In addition to AI integrated directly into the simulation workload, the FG-HPCC will support increased use of digital twins to model components produced at PA sites (e.g., Y-12, Kansas City National Security Complex (KCNSC), Pantex). These sites manufacture components according to designs produced by DA sites. A digital twin of a 3-D printed part can be used as an input to a traditional simulation, enabling parts to be “born certified” via increased simulation accuracy. AI models will serve two roles for digital twins. First, AI models will be used to monitor physical systems and to generate streams of measurements based on the monitoring data. Second, AI models will be used to monitor and to integrate multiple streams of measurements to annotate existing digital models. In both of these use cases, the computational needs of the AI models are more focused on real-time execution and on-demand scheduling to be consistent with live experiments at the production facility.

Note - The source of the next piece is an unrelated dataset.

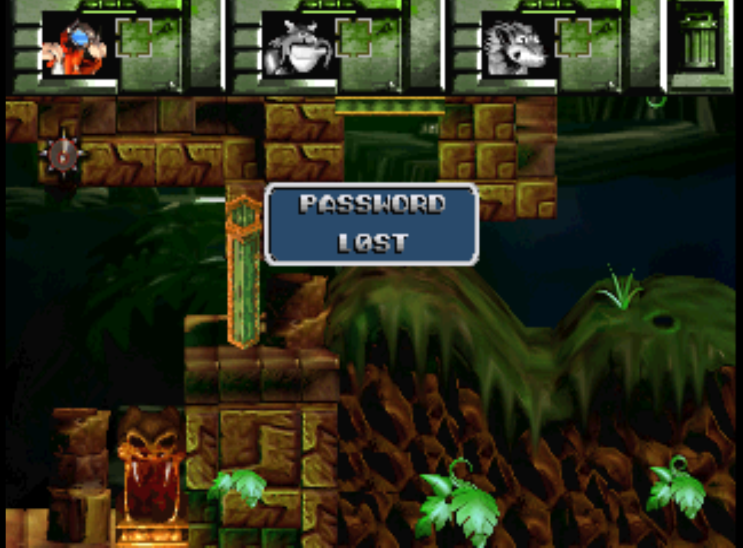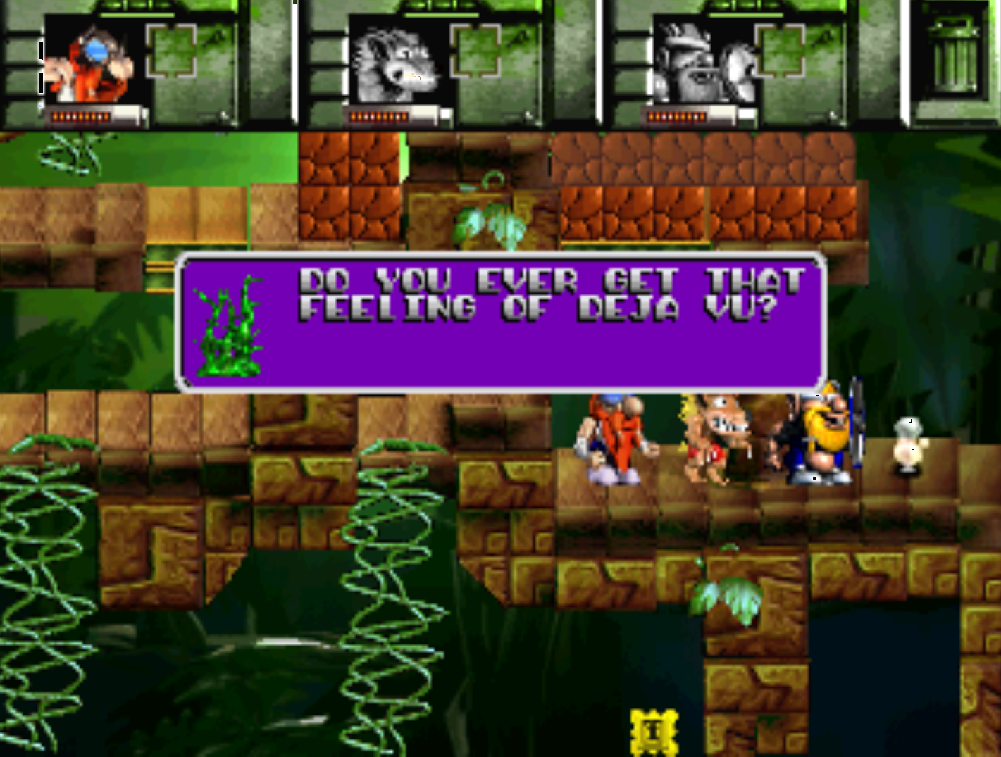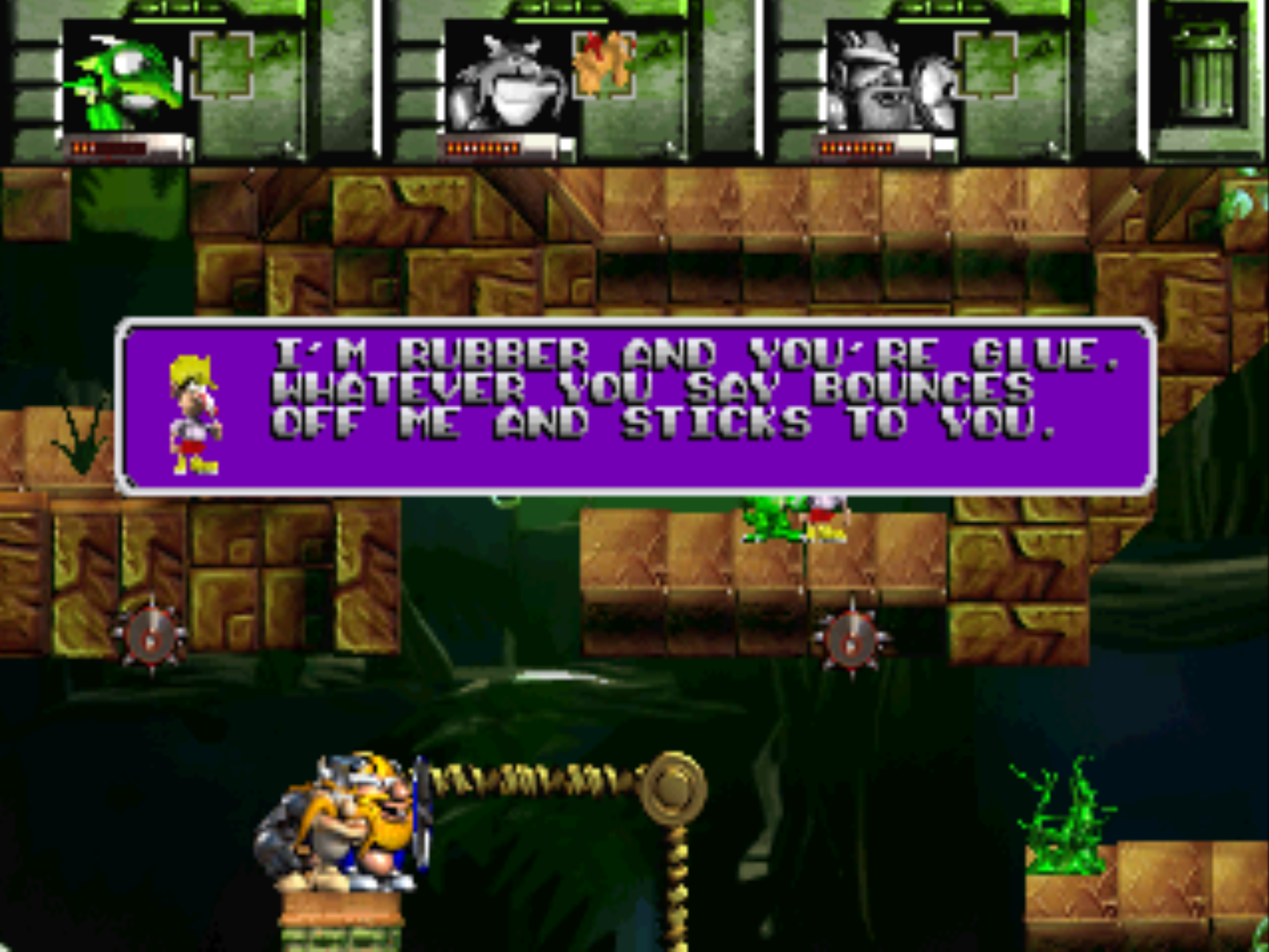 If you fail a level a couple times, the next time you start the level the characters will have a short conversation about their failure. In this level there's some retarded glitch where Baleog's text box and voice appear, but instead of a picture of him it's a picture of one of the random plant enemies, and Baleog isn't even in the level to begin with. What the fuck lmao.

Section 5.1.3. Inverse Design

Generative AI models will be used for inverse design capability, specifically to explore a design space rapidly and to identify key regions that should be examined with further ModSim runs. In this type of workflow, thousands or more traditional ModSim runs will be orchestrated with scientifically varied inputs. The outputs of the simulations will be collected and the full input

and output data will inform a human designer or train a surrogate model of the simulation. These types of generative models can be substantially more expensive to execute than a typical surrogate model, but lighter weight than the orchestration models discussed in Section 5.1.1. These generative models may benefit from AI accelerators, possibly in distinct AI elements.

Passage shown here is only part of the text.